K-means clusters are fit independently per year. The intra-cluster trip share increase (63% to 72%) is partly an artifact of differently drawn boundaries. The zone-level localization metric (29.9% to 33.4%) is boundary-independent and provides a more conservative estimate of localization change.
Post-pandemic commuting behaviour, airport ground transportation policy changes, the 2019 TLC vehicle cap, Uber's own pricing adjustments, and the competitive dynamics between Uber and Lyft are all plausible contributors that cannot be isolated in a two-period comparison.
NYC TLC public trip records (Parquet format). January 2018: 19.8M total FHV trips (4.5M Uber, 3.1M Lyft, 12.2M other). January 2025: 20.4M total FHV trips (15.4M Uber, 5.0M Lyft, 0 other). 263 TLC taxi zones. Uber identified via dispatching base number (2018) and HVFHS license number (2025). Zone centroids from NYC Open Data shapefile.
K-means clustering (k=6) on zone centroid lat/lon. Clusters matched across years by geographic proximity (Haversine distance). Gini coefficient and Lorenz curves for concentration.
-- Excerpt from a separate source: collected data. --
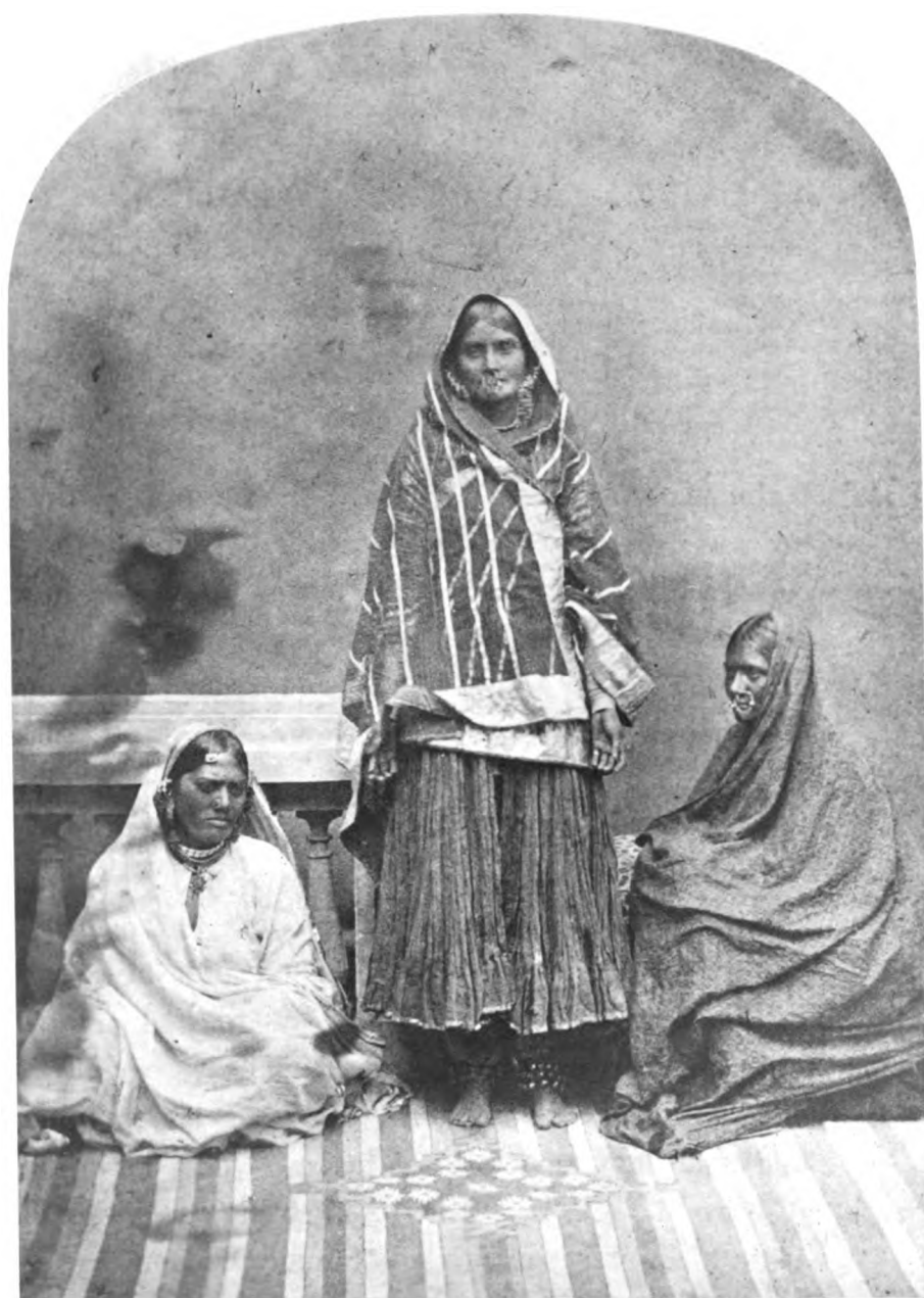
MOHANA WOMEN. SOONNEE MUSSULMANS. SIND. 338.
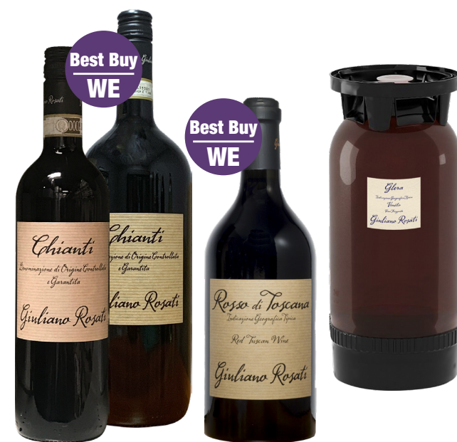
Chianti 750 ML X 12 & 1.5L X 6

“The intensely earthy, umami nose features aromas of soil, mushrooms, pepper and balsamic, but fruit notes of black cherries and dark berries provide balance while preserving a feeling of depth. The earth and black cherry tones headline the palate, before a bitter, slightly spicy finish.” – Wine Enthusiast
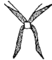
12. Shape knot as shown. Top of knot even with bottom of "V". Ends same length.
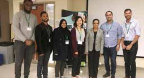
Top: AAPS Christmas party; Bottom: AAPS Visiting Scientist Day
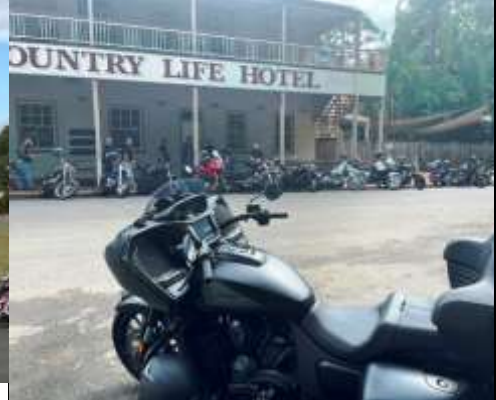
Day Ride 3 rd May – Kin Kin #1
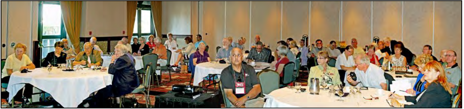
Presidents from the 15 BC Branches, Provincial Advocacy Officers, Territory Advocacy Officer, RSOs and ND
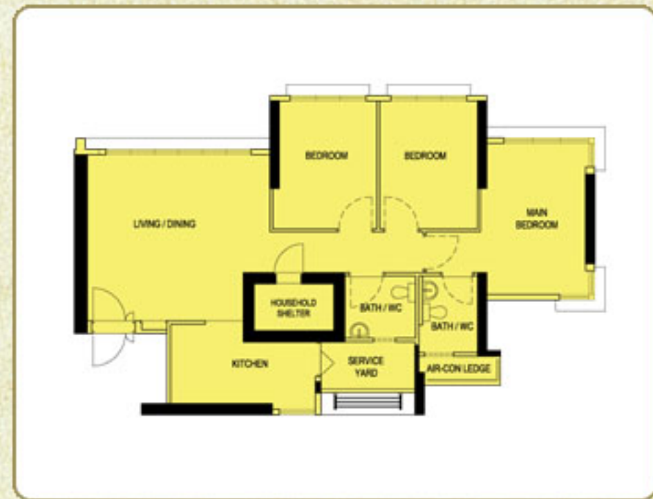
TYPICAL 4-ROOM FLOOR PLAN

(Inclusive of Internal Floor Area 90 sqm and Air-Con Ledge)

Bootstrap confidence intervals on Gini (1,000 iterations resampling zones). Zone-level localization (K=5 nearest zones by centroid distance). Trip distance via vectorized Haversine on centroid coordinates.
Global Moran's I and local LISA (KNN weights, k=6, row-standardized) for spatial autocorrelation. Kolmogorov-Smirnov test for distributional comparison of pickup/dropoff mismatch ratios. Levene's test for variance equality.
Jensen-Shannon divergence (JSD) between 2018 and 2025 hourly pickup distributions, computed at aggregate and per-cluster levels. Demand typology clustering via K-means (k=4) on standardized 24-dimensional hourly profile vectors per zone.
Reference: Xu et al. (2018). "Large-scale order dispatch in on-demand ride-hailing platforms." KDD '18. MDP framework based on published research. Analysis independent of any proprietary system.
Zone-level trip counts were resampled 1,000 times with replacement, and the Gini coefficient recomputed for each iteration. The resulting distributions for 2018 and 2025 do not overlap at the 95% level, confirming the observed decline is not a sampling artifact.
Local Indicators of Spatial Association (LISA) identify statistically significant spatial clusters. Red zones are hot spots (high demand surrounded by high demand); blue zones are cold spots. The spatial weights matrix uses K=6 nearest neighbours with row standardization.
The pickup-to-dropoff ratio per zone (PU/(PU+DO)) measures whether a zone is a net origin or destination. A value of 0.5 indicates perfect balance. The KS test detected a significant distributional shift (D = 0.21, p < 0.001), while Levene's test found no change in variance (p = 0.95).